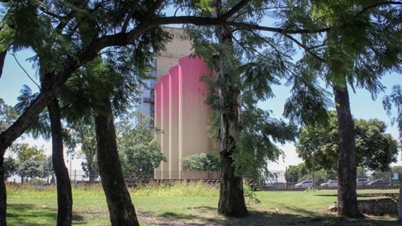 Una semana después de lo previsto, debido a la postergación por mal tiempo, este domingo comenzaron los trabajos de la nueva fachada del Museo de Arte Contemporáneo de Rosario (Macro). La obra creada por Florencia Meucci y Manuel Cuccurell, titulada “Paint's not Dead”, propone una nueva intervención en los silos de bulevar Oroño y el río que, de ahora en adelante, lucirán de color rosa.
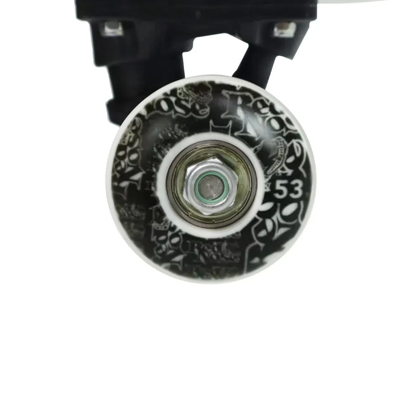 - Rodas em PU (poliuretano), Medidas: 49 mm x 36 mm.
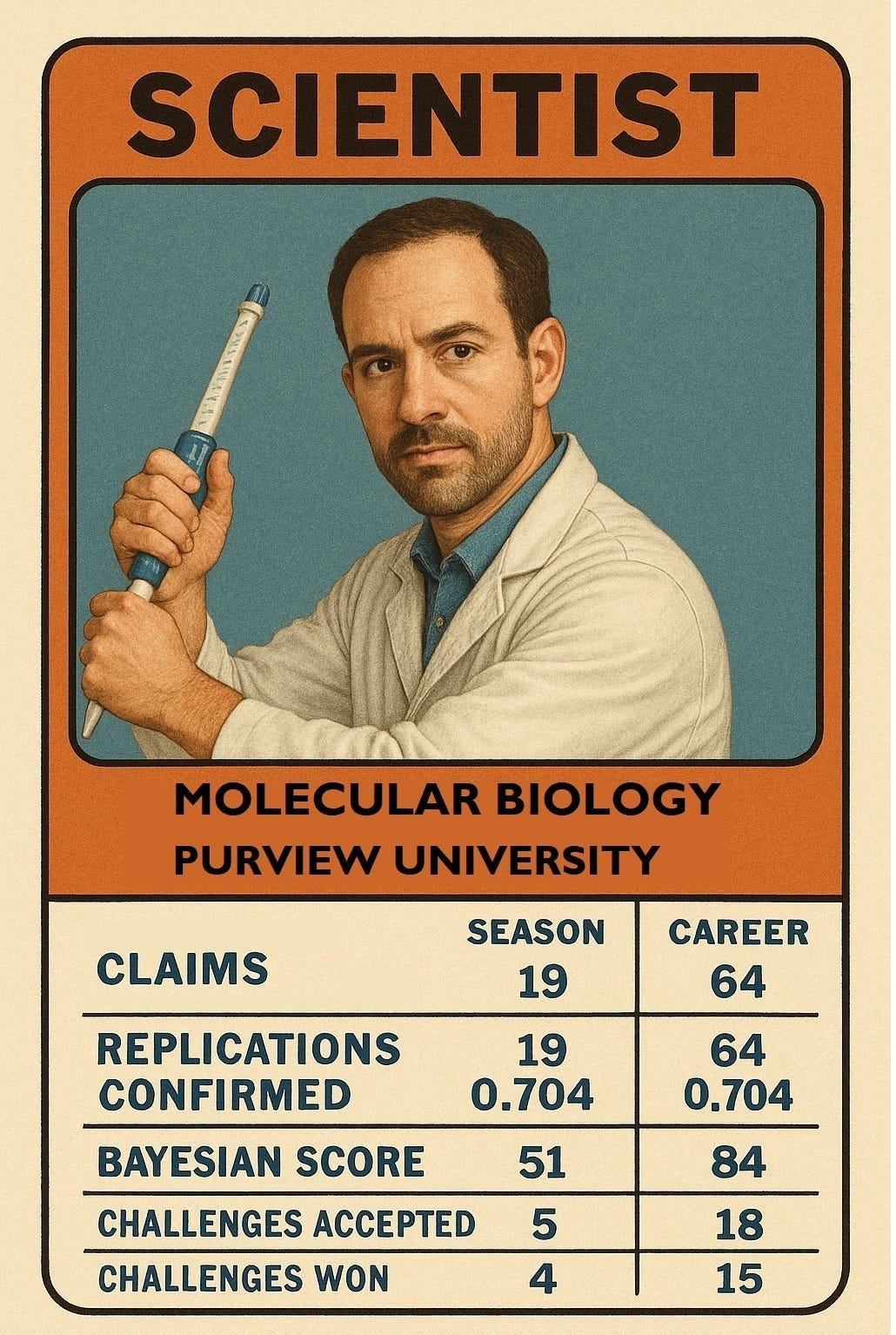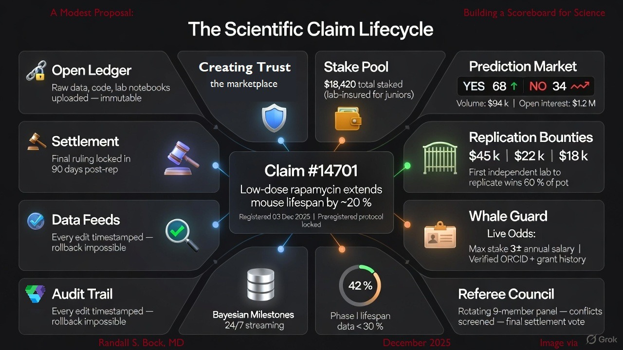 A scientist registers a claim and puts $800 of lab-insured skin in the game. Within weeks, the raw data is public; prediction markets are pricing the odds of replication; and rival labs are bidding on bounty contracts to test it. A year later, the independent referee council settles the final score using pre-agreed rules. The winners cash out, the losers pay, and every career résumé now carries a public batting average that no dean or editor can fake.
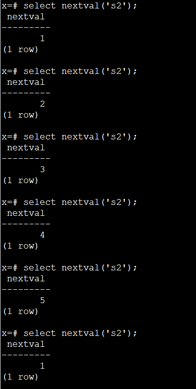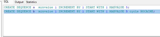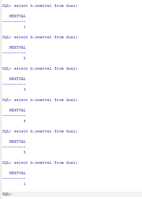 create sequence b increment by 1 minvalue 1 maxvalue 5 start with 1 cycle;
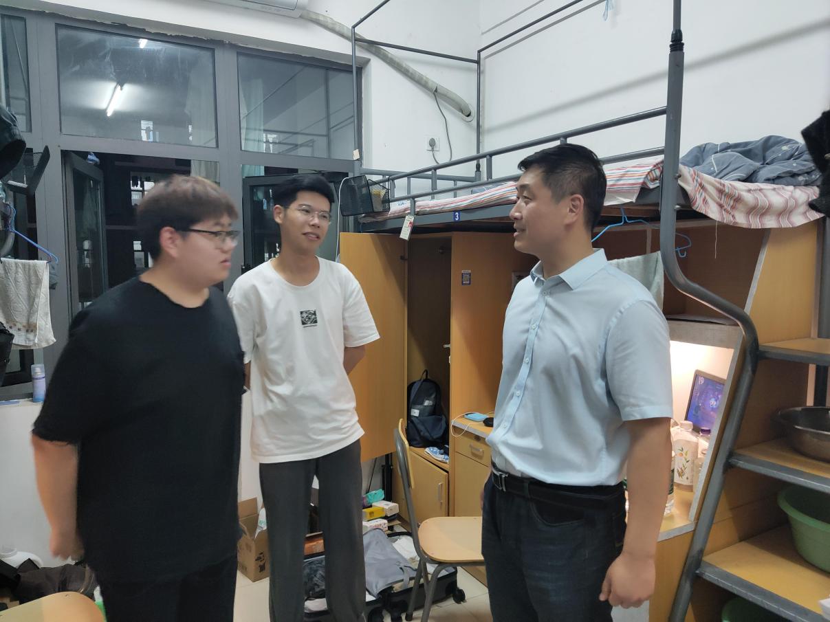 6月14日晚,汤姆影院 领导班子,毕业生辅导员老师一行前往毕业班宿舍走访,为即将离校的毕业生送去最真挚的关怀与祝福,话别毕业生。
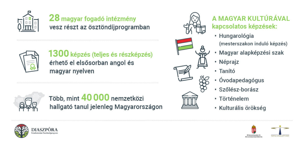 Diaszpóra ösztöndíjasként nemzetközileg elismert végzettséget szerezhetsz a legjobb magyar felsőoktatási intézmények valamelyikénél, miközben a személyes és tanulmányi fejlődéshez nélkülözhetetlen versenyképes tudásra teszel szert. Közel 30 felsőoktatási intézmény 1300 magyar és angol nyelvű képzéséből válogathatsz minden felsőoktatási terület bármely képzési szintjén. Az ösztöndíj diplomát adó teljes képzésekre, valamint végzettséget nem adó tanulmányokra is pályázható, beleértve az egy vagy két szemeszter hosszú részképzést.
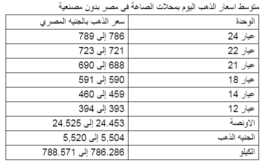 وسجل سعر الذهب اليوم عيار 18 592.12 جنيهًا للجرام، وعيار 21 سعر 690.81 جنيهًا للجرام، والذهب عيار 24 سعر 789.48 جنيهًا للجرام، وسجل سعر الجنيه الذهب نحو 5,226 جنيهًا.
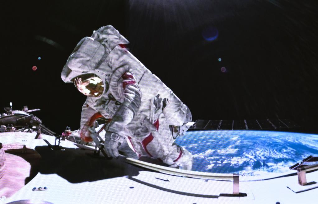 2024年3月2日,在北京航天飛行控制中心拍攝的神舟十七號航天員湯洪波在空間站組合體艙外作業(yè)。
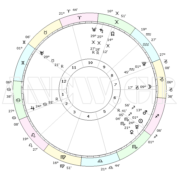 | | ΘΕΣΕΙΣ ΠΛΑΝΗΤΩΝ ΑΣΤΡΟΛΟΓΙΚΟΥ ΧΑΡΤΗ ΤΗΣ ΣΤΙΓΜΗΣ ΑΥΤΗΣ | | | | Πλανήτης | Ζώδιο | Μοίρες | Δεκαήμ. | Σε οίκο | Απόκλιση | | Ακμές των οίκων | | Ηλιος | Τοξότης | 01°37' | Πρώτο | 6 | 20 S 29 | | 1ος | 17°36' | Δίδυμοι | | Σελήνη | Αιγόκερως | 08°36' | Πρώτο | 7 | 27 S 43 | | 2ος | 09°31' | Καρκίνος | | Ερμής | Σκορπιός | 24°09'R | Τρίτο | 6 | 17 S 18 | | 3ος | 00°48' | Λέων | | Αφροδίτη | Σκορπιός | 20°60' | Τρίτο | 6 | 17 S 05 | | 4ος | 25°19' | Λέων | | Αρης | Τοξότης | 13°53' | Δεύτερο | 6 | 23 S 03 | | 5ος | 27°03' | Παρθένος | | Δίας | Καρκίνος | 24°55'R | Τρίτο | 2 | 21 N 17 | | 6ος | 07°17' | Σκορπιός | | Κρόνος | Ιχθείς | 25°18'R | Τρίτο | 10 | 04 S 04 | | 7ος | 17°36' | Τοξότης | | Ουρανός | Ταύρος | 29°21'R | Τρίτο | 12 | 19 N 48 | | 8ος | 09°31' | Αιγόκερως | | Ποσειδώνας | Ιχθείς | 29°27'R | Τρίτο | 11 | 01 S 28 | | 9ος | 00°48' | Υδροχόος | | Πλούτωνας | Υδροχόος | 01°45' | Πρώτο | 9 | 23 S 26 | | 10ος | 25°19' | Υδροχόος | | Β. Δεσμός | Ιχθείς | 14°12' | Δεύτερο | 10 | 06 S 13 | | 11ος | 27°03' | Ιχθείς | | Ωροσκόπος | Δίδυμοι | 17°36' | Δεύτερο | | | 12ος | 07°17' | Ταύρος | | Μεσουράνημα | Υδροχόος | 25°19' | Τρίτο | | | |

• **Task prompt**
All that should appear in the response is the run of lines from the one with "وسجل سعر الذهب" through the final line of the records, restated exactly, with pictures omitted.

• **Exercise output**
 وسجل سعر الذهب اليوم عيار 18 592.12 جنيهًا للجرام، وعيار 21 سعر 690.81 جنيهًا للجرام، والذهب عيار 24 سعر 789.48 جنيهًا للجرام، وسجل سعر الجنيه الذهب نحو 5,226 جنيهًا.
 2024年3月2日,在北京航天飛行控制中心拍攝的神舟十七號航天員湯洪波在空間站組合體艙外作業(yè)。
 | | ΘΕΣΕΙΣ ΠΛΑΝΗΤΩΝ ΑΣΤΡΟΛΟΓΙΚΟΥ ΧΑΡΤΗ ΤΗΣ ΣΤΙΓΜΗΣ ΑΥΤΗΣ | | | | Πλανήτης | Ζώδιο | Μοίρες | Δεκαήμ. | Σε οίκο | Απόκλιση | | Ακμές των οίκων | | Ηλιος | Τοξότης | 01°37' | Πρώτο | 6 | 20 S 29 | | 1ος | 17°36' | Δίδυμοι | | Σελήνη | Αιγόκερως | 08°36' | Πρώτο | 7 | 27 S 43 | | 2ος | 09°31' | Καρκίνος | | Ερμής | Σκορπιός | 24°09'R | Τρίτο | 6 | 17 S 18 | | 3ος | 00°48' | Λέων | | Αφροδίτη | Σκορπιός | 20°60' | Τρίτο | 6 | 17 S 05 | | 4ος | 25°19' | Λέων | | Αρης | Τοξότης | 13°53' | Δεύτερο | 6 | 23 S 03 | | 5ος | 27°03' | Παρθένος | | Δίας | Καρκίνος | 24°55'R | Τρίτο | 2 | 21 N 17 | | 6ος | 07°17' | Σκορπιός | | Κρόνος | Ιχθείς | 25°18'R | Τρίτο | 10 | 04 S 04 | | 7ος | 17°36' | Τοξότης | | Ουρανός | Ταύρος | 29°21'R | Τρίτο | 12 | 19 N 48 | | 8ος | 09°31' | Αιγόκερως | | Ποσειδώνας | Ιχθείς | 29°27'R | Τρίτο | 11 | 01 S 28 | | 9ος | 00°48' | Υδροχόος | | Πλούτωνας | Υδροχόος | 01°45' | Πρώτο | 9 | 23 S 26 | | 10ος | 25°19' | Υδροχόος | | Β. Δεσμός | Ιχθείς | 14°12' | Δεύτερο | 10 | 06 S 13 | | 11ος | 27°03' | Ιχθείς | | Ωροσκόπος | Δίδυμοι | 17°36' | Δεύτερο | | | 12ος | 07°17' | Ταύρος | | Μεσουράνημα | Υδροχόος | 25°19' | Τρίτο | | | |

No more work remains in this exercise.